▶ _Directions for this task_:
In the entries below, find the line with "Une nouvelle ligne" and the line with "It has a wide"; copy them and every line between them exactly, but not the pictures.

▶ _Data for analysis_:
——

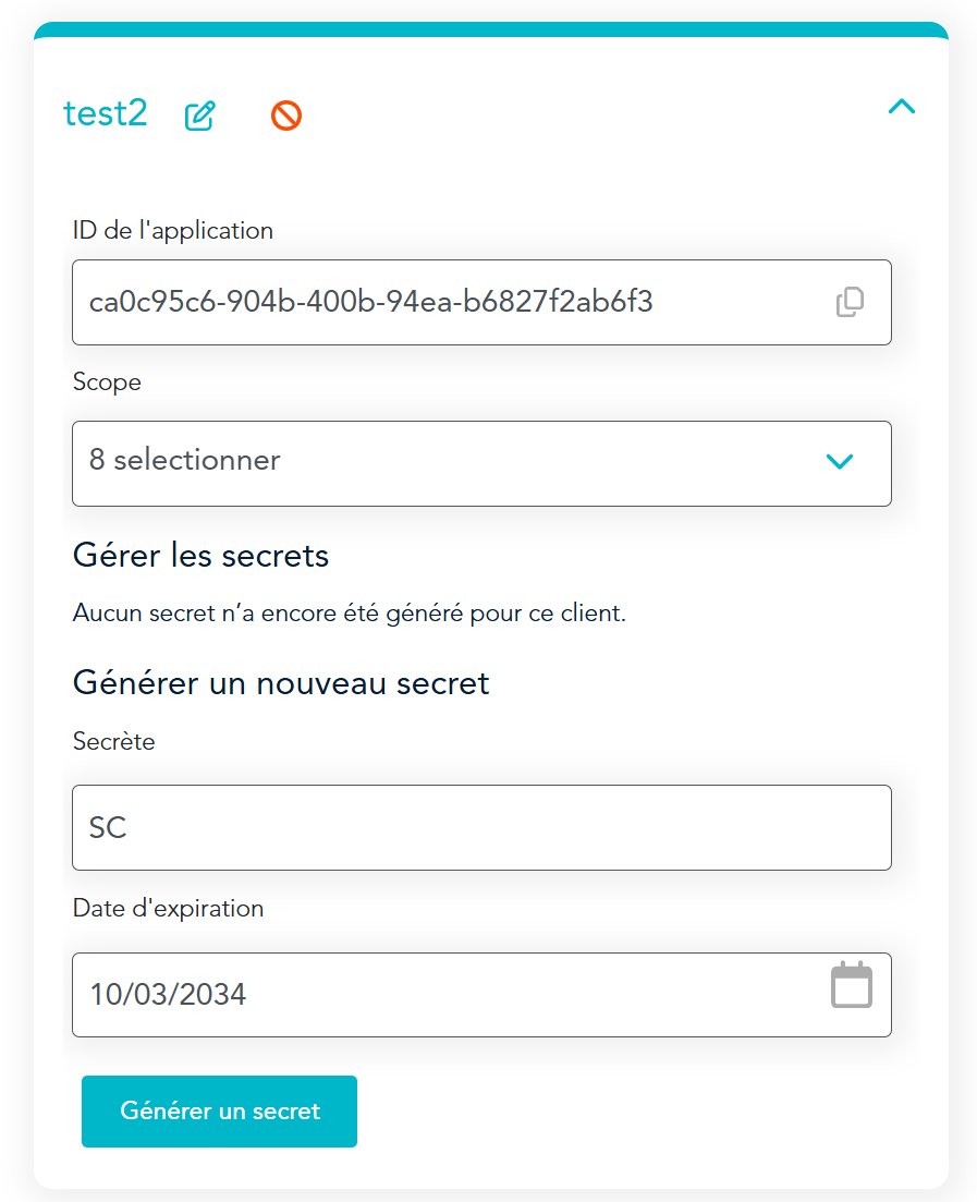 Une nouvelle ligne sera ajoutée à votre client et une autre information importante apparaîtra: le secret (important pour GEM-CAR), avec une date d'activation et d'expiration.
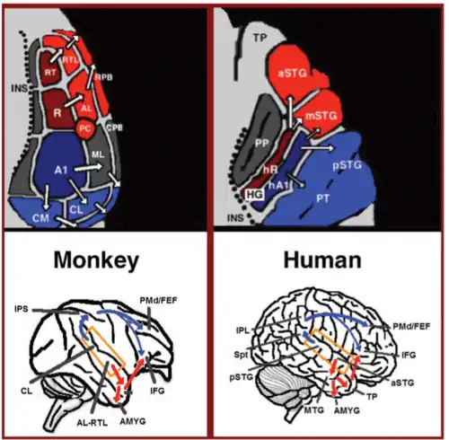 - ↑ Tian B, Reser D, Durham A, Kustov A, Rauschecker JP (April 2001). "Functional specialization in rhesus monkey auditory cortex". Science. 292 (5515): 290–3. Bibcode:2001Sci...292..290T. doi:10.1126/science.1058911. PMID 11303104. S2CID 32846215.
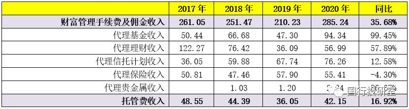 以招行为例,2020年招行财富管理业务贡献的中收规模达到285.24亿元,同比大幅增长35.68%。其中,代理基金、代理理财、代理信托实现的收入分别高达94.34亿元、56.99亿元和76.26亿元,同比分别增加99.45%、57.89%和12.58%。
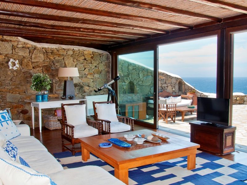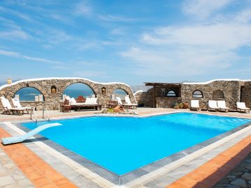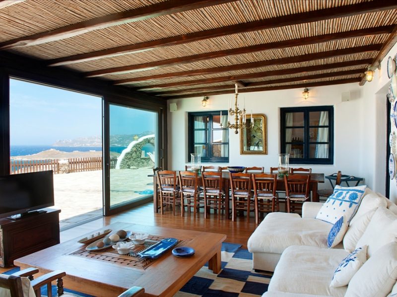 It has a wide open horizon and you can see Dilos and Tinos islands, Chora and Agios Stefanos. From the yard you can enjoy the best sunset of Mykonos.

——

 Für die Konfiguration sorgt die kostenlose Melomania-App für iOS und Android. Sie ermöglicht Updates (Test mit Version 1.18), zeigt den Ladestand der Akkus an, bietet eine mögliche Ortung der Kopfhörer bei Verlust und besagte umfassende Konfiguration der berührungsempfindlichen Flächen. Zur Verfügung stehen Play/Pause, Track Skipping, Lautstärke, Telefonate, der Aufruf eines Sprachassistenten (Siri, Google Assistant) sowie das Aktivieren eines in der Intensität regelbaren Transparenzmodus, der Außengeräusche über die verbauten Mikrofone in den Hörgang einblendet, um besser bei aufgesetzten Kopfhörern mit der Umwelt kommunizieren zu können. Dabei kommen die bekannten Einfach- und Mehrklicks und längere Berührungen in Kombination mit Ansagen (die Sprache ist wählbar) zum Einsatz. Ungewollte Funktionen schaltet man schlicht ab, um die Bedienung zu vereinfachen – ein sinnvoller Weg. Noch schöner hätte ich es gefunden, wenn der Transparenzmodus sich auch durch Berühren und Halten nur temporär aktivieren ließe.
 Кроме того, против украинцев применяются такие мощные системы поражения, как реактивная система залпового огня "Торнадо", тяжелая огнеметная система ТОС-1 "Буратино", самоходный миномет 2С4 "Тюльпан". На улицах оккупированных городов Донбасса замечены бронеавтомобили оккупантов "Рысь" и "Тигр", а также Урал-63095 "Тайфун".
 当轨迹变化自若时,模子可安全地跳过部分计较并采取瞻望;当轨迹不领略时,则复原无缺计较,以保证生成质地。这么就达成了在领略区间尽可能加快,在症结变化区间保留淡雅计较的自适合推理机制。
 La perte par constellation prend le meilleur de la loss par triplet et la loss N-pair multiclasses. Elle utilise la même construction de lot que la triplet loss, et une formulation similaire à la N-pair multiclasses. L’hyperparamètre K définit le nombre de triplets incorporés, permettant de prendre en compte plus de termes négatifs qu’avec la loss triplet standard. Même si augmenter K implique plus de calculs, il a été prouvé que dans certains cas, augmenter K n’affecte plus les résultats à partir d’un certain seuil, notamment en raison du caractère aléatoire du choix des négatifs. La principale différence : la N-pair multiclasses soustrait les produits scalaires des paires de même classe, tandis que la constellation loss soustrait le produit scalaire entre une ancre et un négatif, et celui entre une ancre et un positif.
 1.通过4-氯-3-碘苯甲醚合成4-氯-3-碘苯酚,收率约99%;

——

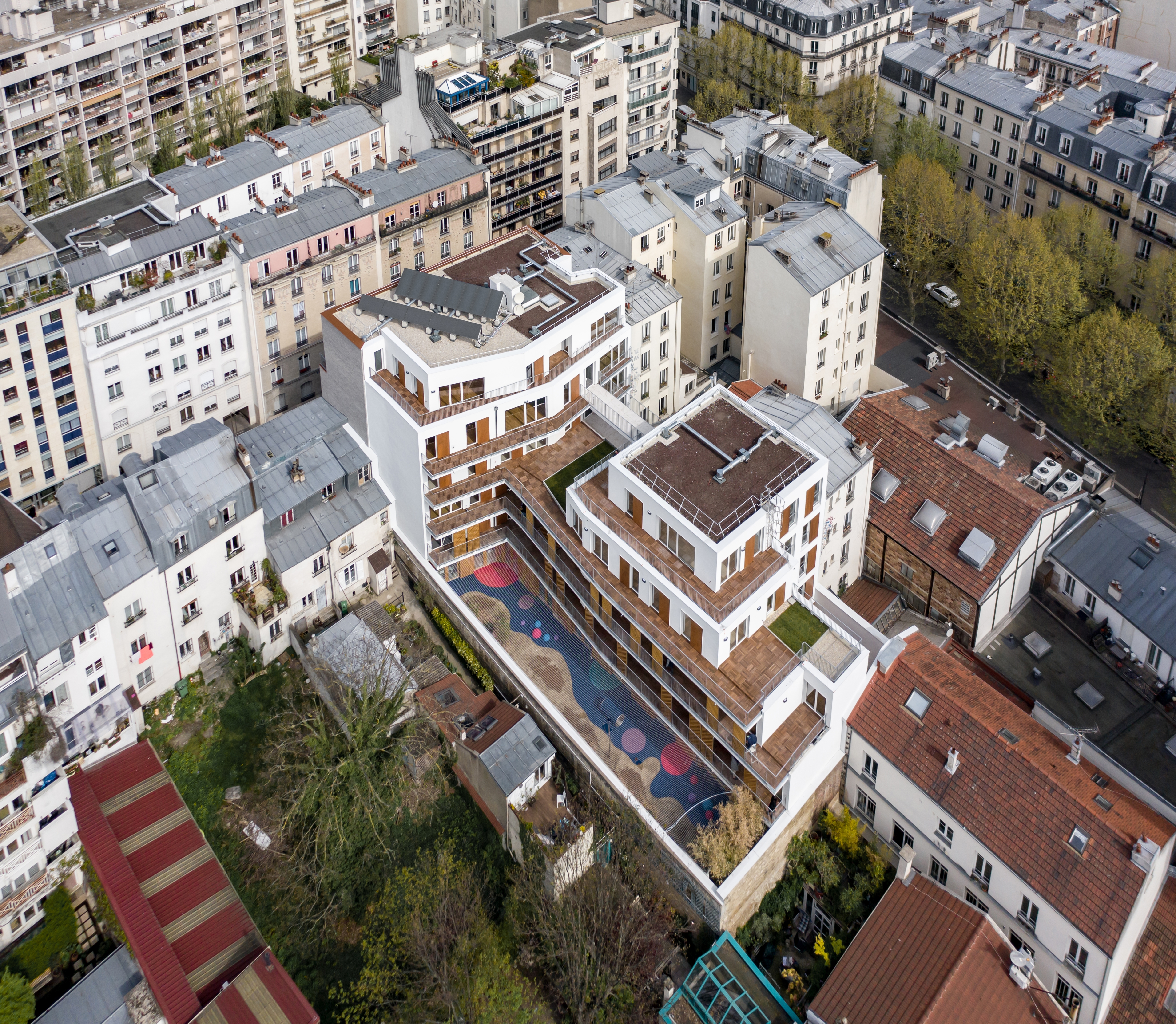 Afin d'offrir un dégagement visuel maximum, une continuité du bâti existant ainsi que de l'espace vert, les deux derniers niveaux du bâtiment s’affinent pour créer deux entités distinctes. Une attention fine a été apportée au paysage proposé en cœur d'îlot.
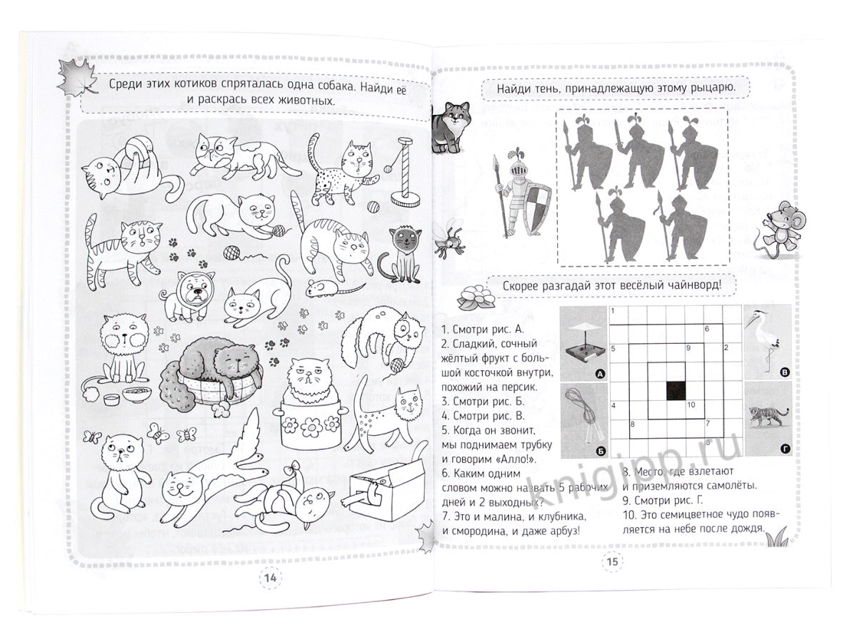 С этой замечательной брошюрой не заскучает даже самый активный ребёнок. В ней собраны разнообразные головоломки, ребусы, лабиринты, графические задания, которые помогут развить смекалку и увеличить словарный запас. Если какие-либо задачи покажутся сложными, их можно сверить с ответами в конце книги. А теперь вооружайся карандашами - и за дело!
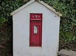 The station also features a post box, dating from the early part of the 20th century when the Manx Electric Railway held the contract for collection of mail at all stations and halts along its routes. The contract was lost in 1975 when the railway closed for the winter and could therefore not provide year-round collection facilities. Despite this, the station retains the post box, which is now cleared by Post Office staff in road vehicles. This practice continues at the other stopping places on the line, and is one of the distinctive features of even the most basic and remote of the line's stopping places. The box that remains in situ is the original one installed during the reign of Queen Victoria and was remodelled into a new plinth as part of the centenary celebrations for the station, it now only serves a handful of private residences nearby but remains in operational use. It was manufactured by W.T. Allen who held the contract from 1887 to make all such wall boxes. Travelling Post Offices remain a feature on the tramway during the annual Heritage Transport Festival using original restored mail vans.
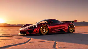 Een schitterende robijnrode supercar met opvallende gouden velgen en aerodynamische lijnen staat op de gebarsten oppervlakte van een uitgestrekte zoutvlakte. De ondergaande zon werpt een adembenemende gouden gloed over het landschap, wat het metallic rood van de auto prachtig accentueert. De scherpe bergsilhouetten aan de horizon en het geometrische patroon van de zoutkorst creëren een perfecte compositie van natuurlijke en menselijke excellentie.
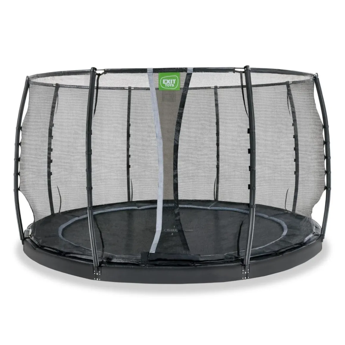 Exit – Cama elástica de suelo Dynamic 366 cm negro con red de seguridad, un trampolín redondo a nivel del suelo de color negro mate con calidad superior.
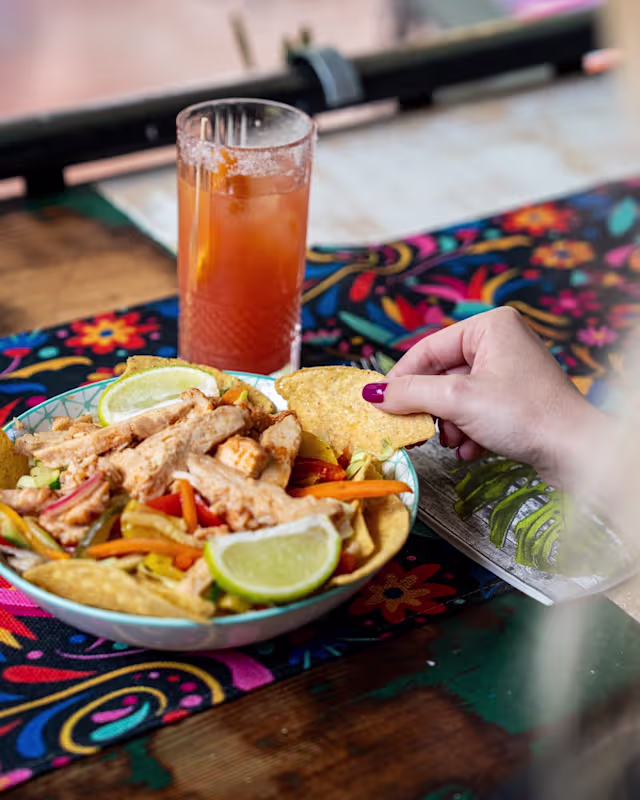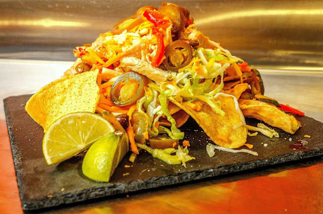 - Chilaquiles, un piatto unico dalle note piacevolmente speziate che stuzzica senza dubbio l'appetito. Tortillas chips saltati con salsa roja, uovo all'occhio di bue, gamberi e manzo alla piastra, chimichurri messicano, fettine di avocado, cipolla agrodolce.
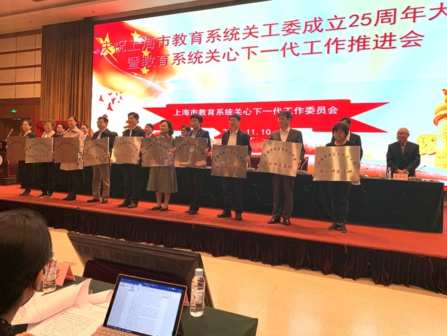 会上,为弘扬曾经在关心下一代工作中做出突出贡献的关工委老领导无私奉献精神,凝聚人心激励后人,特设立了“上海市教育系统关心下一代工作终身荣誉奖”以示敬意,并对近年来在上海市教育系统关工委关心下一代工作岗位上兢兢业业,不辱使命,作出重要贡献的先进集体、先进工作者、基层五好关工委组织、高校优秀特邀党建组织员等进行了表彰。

——

▶ _Task answer_:
 Une nouvelle ligne sera ajoutée à votre client et une autre information importante apparaîtra: le secret (important pour GEM-CAR), avec une date d'activation et d'expiration.
 - ↑ Tian B, Reser D, Durham A, Kustov A, Rauschecker JP (April 2001). "Functional specialization in rhesus monkey auditory cortex". Science. 292 (5515): 290–3. Bibcode:2001Sci...292..290T. doi:10.1126/science.1058911. PMID 11303104. S2CID 32846215.
 以招行为例,2020年招行财富管理业务贡献的中收规模达到285.24亿元,同比大幅增长35.68%。其中,代理基金、代理理财、代理信托实现的收入分别高达94.34亿元、56.99亿元和76.26亿元,同比分别增加99.45%、57.89%和12.58%。
 It has a wide open horizon and you can see Dilos and Tinos islands, Chora and Agios Stefanos. From the yard you can enjoy the best sunset of Mykonos.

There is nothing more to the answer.